Telangana MLC Elections: Marathon counting on

Telangana MLC Election results 2021

Counting of votes for the Mahbubnagar-Rangareddy-Hyderabad graduate MLC constituency elections held on March 14 begins at the Saroornagar Indoor Stadium in Hyderabad on Wednesday.

Photo: Srinivas Setty


Telangana MLC Election results likely tonight or tomorrow morning

Hyderabad: Though all contestants exude confidence that they would win the election, the tension in political parties and the candidates, including the independents is mounting as the process of counting for the two MLC seats, is taking a long time. Counting of the votes polled in the biennial election to two MLC seats, Hyderabad – Rangareddy- Mahbubnagar and Nalgonda – Warangal- Khammam Graduates' constituencies has begun on a dull note on Wednesday.

The results are likely to be announced only by Thursday night or on Friday morning since the contestants are unlikely to get the required number of first preference votes to win the election. The fate of the candidates would be known only after the second preference votes were counted.

The officials who were deployed at the counting centres in Hyderabad and Nalgonda took more than 15 hours to prepare the ballot bundles and the counting of votes began past midnight.

Each bundle would have 25 ballot papers. If no candidate secures 51 per cent of the votes polled, the second preference votes would be counted. Since it is a laborious process, the Election Commission deputed additional staff. The officials are working in three shifts at the counting centres.

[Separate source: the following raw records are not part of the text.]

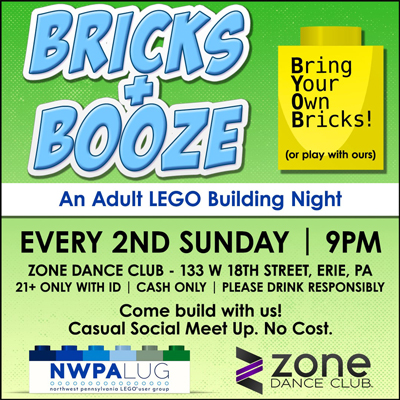 Mar 8 (Sun) - Bricks & Booze: An Adult LEGO Building Night (Zone Dance Club, 133 W 18th St, Erie, PA 16501) 9 PM. Join our friends from the Northwest Pennsylvania LEGO User Group (NWPALUG) for a casual, creative night here at The Zone. Bring the cool sets you just bought, show off your finds, and just relax with other adult builders. You can bring your own bricks or just come and play with ours! This is a 21+ only night, please bring your ID. No cover charge to build and hang out! The bar is cash only. Browse to https://thezonedanceclub.com/.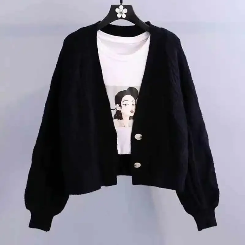 Осень-зима 2024, новая одежда в ленивом стиле, вязаный кардиган, свитер, женский короткий свитер, пальто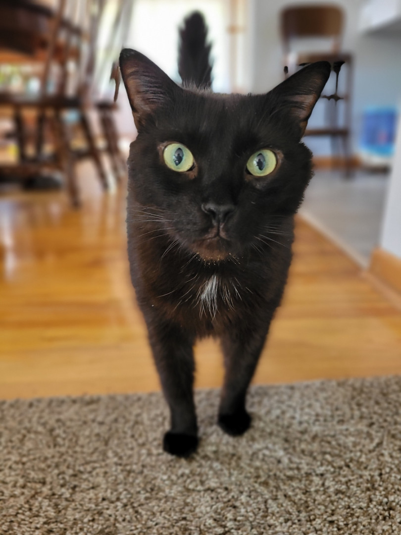 He’s very dog-like. Follows his mama everywhere; room to room to room. Just wants to be near his person. Never on them. On the rare occasion he meows…he either sounds like a grandpa with a raspy voice or a tiny kitten. You never know what you’re going to get.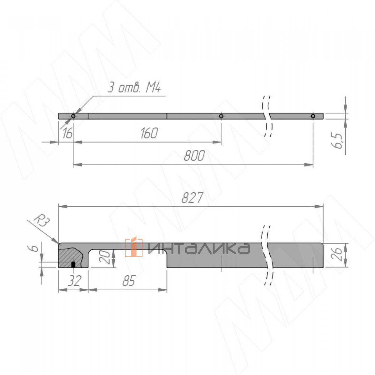 Профиль-ручка160/800мм(L=827мм)золотоматовое (PH.CN01.160-800.GA), PH.CN01.160-800.GA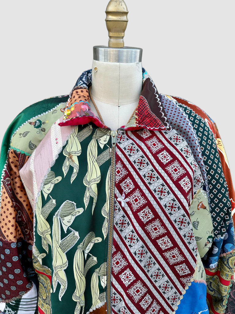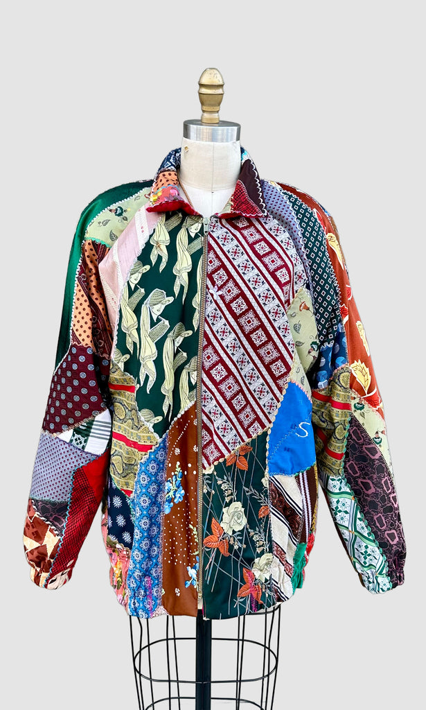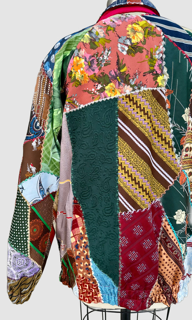 PATCHWORK UPCYCLED TIES Vintage 80s/90s Bomber Jacket • Med. to Lg.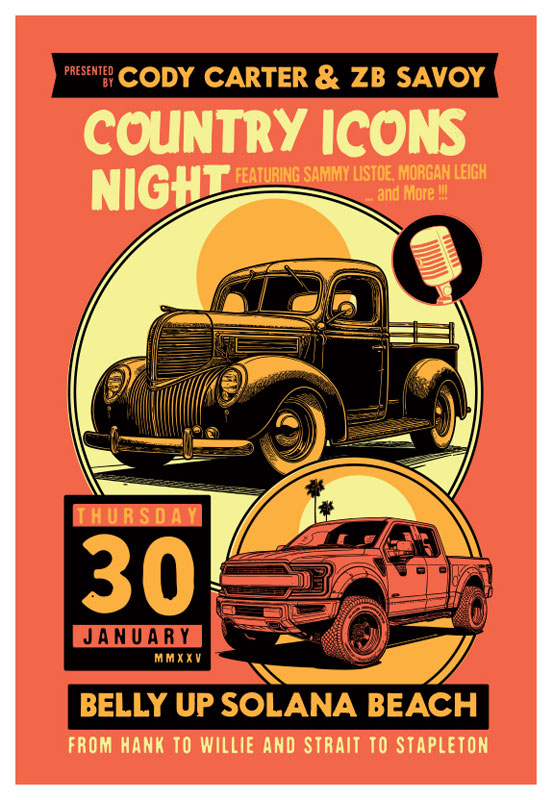 Scrojo Country Icons Night - Cody Carter & ZB Savoy Poster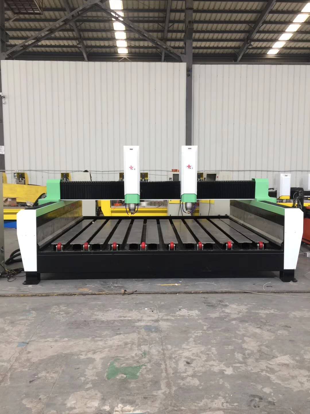 采用工業(yè)級重型床身,剛性強,高速運行床身不抖動,帶蓄水槽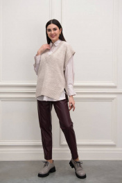 Тренд сезона-вязаный полушерстяной жилет с разрезами по бокам. Превосходный вариант утеплиться снежной зимой и позней осенью.

Mild tension prevailed at Nalgonda counting centre when the BJP workers staged a dharna against the election authorities. The party candidate M Premender Reddy suspected foul play in the counting of votes.

He said that the ballot boxes were not locked when they were brought to the counting centre from the strong room. The BJP demanded the Election Commission to stop counting the votes from the unlocked ballot boxes. Kodandaram also lodged a complaint with state Chief Electoral Officer Shashank Goel on the safety of the ballot boxes.

Sensing a law and order problem, special police forces were deployed at the counting centres and Section 144 was imposed to restrict the movement of the party workers in the premises.